Kostya lowered his head. His shoulders sagged.

“What do you want?” he asked in a barely audible voice.

“I want fairness. The apartment was bought with my money, which means half of it is mine. By law. We can settle this peacefully: you pay me my share, and I leave. Or we settle it in court.”

“I don’t have that kind of money…”

“Your mother does. Since she wants the apartment so badly, let her pay for it. Consider it a buyout.”

Marina spoke calmly, but everything inside her was boiling. She could see him searching for a way out, trying to imagine some solution that would keep both his mother happy and his wife beside him. But there was no such solution.

“I’ll call Mom,” he said at last, pulling out his phone.

“Go ahead.” Marina turned toward the bedroom. “I’ll pack a few things. I’m staying with my parents tonight.”

“Marin, wait…”

She stopped in the doorway.

“What?”

“Are you… leaving me?”

Marina looked at him for a long time. At this grown man who had never learned to stand on his own.

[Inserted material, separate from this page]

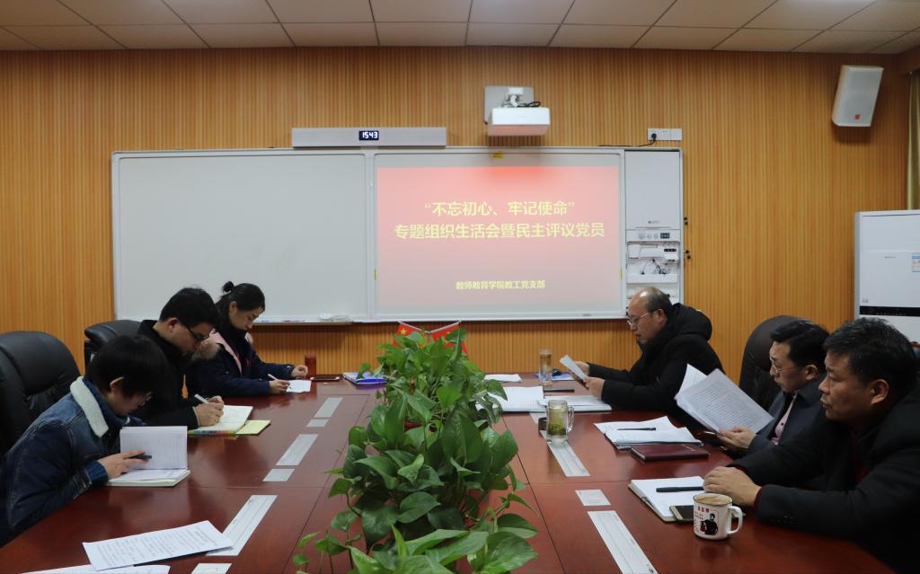 根据学校党委印发《关于第二批主题教育单位基层党组织召开专题组织生活会和开展民主评议党员的通知》(教组发[2019]37号)文件要求,12月3日上午、下午,教师教育学院教工党支部、学生党支部分别在教七楼301会议室开展“不忘初心、牢记使命”专题组织生活会暨民主评议党员大会,学院党委副书记潘登、副院长付永昌分别参加两个支部的会议并作指导。

Who had let his mother think for him, decide for him, live for him.

“No, Kostya. You left me a long time ago. I just realized it today.”

She went into the room and began packing. From the kitchen came the sound of her husband talking to his mother on the phone. She couldn’t make out the words, but the tone said everything: excuses, apologies, promises.

When Marina came out carrying a small bag, Kostya was sitting on the floor against the wall, staring blankly ahead.

“Mom said…” he began.

“I don’t care what your mother said.” Marina put on her coat. “In a week, I’ll send a formal proposal for division of property. If you refuse, I’ll go to court. And keep this in mind: I have every mortgage receipt. Every single one for all four years.”

“Marina…”

 

She opened the door and turned back one last time.

“Do you know what your mother told me today? She said I’m young and I’ll be fine. She was right. I will be fine. But you…” Marina slowly shook her head. “Good luck with Mommy, Kostya. You two truly deserve each other.”

The door closed behind her with a soft click.

Marina walked down the stairs, stepped outside, and drew in a deep breath of evening air. The city buzzed and rushed around her, living its own life, unaware of her small personal catastrophe.

But it wasn’t a catastrophe.

It was freedom.

She took out her phone and dialed her mother.

“Mom? I’m coming over. Yes, for a while. I’ll explain when I get there.”

A month later, the court ruled in her favor. Her mother-in-law never got the apartment—the evidence of Marina’s financial contributions was far too clear.

Kostya called several times, asking her to come back. He said he had spoken to his mother, that she now understood everything, that it would never happen again.

Marina never answered.

By then, she knew one thing for certain: people do not change. Especially those who have spent their whole lives letting others think for them.

And she knew something else too: a new life was waiting for her ahead. A life without lies, without manipulation, without a mother-in-law who saw her daughter-in-law as a temporary inconvenience.

And that life was worth fighting for.